Building

in which we begin to put into practice what we have heard and read and discussed

Let’s make some magic!

Goals for this week

  1. Discover the landscape of GLAM data in Ottawa
  2. Build your first notebook

Listen

Given the data we’re working with this week, make sure to listen to this interview with Kristy von Moos of Ingenium.ca!

Do

  1. Launch this notebook and use it to follow along the Programming Historian Tutorial on visualizing data located here using the data provided. You can skip to the ‘Basics of Bokeh’ section.
  2. Once you’ve finished that, save a copy of the notebook with a new name, and then modify the notebook with new data. Ingenium, the corporation that runs the Canadian Science and Technology Museum, the Aviation Museum, and the Agriculture Museum, makes a large variety of data available in a csv file. If you are running Jupyter on your own machine, you can download the CSV FILE from our website), and save that in a new folder.
  • Using the notebook from step (1), change the pd.read_csv("") command to read the data into a ‘dataframe’. If you’re working on your own machine, you’ll put the file path to the data between the quotation marks. If you’re working online you can load the data directly from the mirror’d copy I put on the course website with df = pd.read_csv("https://dhmuse.netlify.app/data/cstmc-CSV-en.csv". If you’re running the notebook online and loading the data from the course site, it will take a few moments for it to load into memory.
  • protip once you’ve loaded up data and passed it to the variable df you don’t have to load it up again - so in subsequent cells of the notebook, use the # to comment out anywhere the cell says df = pd.read_csv etc, as you’ve already done that.
  • There’s a lot of data in this dataframe (here are some examples on how to filter rows by the way). Add a new code block after the the one with df.columns.tolist() by making sure it’s the highlighted block (click on it) and then hit the + button. (This code block by the way shows us all of the possible columns we might want to subset our data by). In that new code block, let’s filter the records to just show us items that were manufactured in Ottawa and Kingston. We’ll create a list of the things we’re looking for (Ottawa and Kingston), and then we’ll create a new dataframe called ottking_df by checking the original df for anytime our search options are in the column ManuCity:
# let's now filter the dataframe to items created in Ottawa and Kingston
  options = ['Ottawa', 'Kingston']  

  # selecting rows based on condition  
  ottking_df = df[df['ManuCity'].isin(options)]

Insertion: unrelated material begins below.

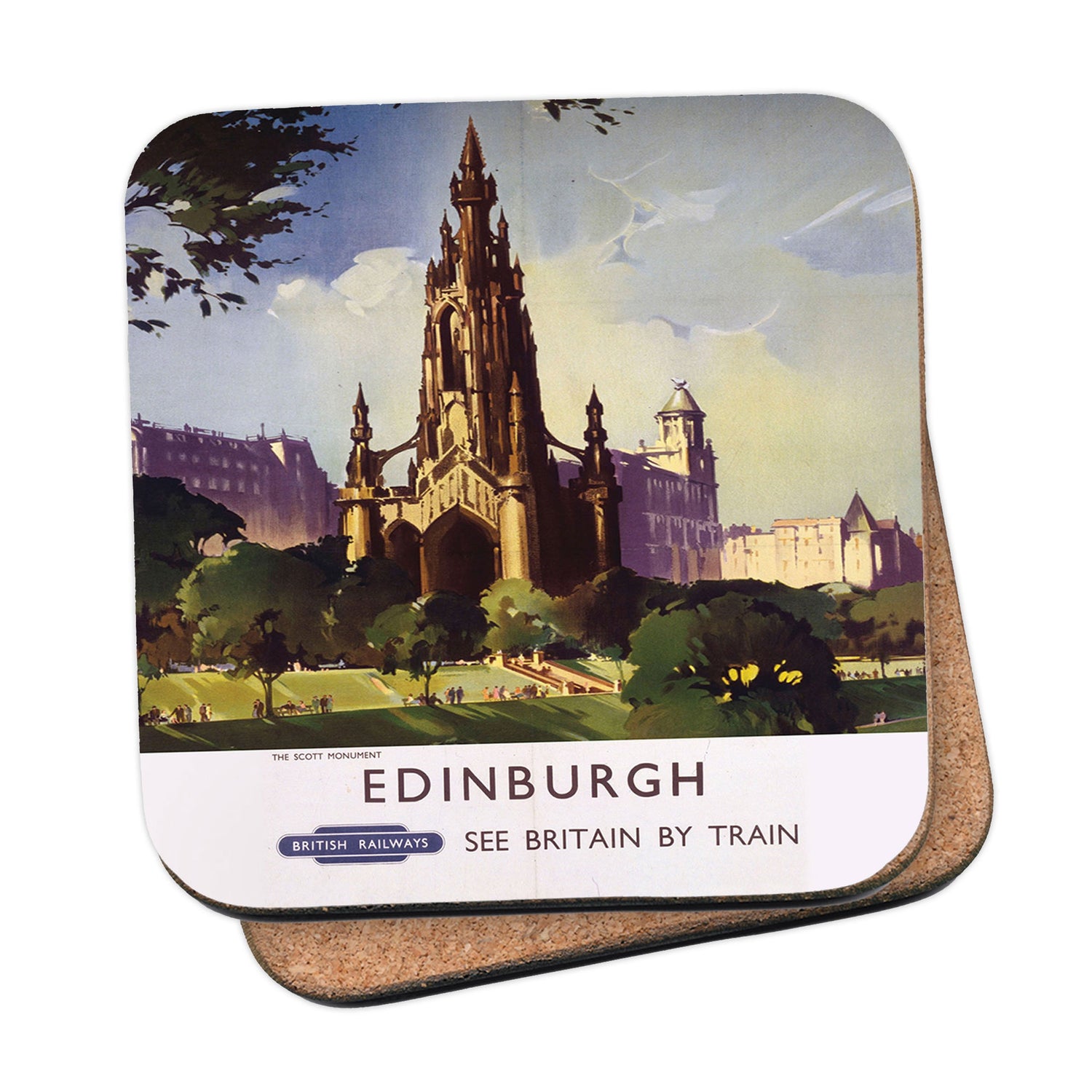 Protect your table surfaces with these durable cork coasters. Beautiful design of The Scott Monument - Edinburugh British Railways. Perfect for any Railway Posters enthusiast.

  print('\nResult dataframe :\n',
    ottking_df)
  • Then try to visualize some dimensions (columns) of the data (which dimensions do you think?); change the labels appropriately too. Hint: you won’t run your visualization on the original df dataframe. Save copies of your outputs. Anytime you see ‘df’ in the original code, make sure you’ve changed that to the data you’re actually working with. (Hint: in the block called ‘The Bokeh ColumnDataSource, change the sample = df.sample(50) to sample = ottking_df.sample(500)’. The .sample means to grab a certain number of rows of your total data.)
  • Try to modify some of the other visualization code blocks. Share your code in the course discord space, especially when you run into trouble.
  • Can you spot anything interesting about the collections data as a result of your visualizations?
  1. Using what you know (draw on other notebooks you’ve seen), can you build some other visualizations of either the demo data for the Programming Historian tutorial, or the CSTM materials, or other GLAM materials in Ottawa (see Ottawa Datasets)?

Save your notebooks to your own computer, and then lodge a copy of them in your github repository for safekeeping.

With tech work, if it doesn’t come together in about 30 minutes, it won’t come in an hour. So take a break. Close the laptop. Call somebody up for help. Find another pair of eyes to look at the problem. I don’t want to hear that you labored heroically for 2 hours to do something. Jump into our social space and ask for advice.

Log your work

For your digital work, it is critical that you keep notes on what works, what doesn’t, what error messages you received, what help you received from others, what websites you went to, and so on.

Create a repository on Github; you can make it private.

Make a text file and call it journal.md. Put the date in it, write brief notes so that when you come back to all of this, you’ll know what you were doing.

Drag and drop this file, and any other supporting materials you wish, onto your repository; once they’ve uploaded, hit the ‘commit’ button.

Share your repo in our Discord space if you want me or someone else to have a look if there are problems - or victories!

While this isn’t graded, per se, you will need this material when it comes to writing the documentation for your eventual GLAM notebook you create. Get in the habit of keeping careful process notes.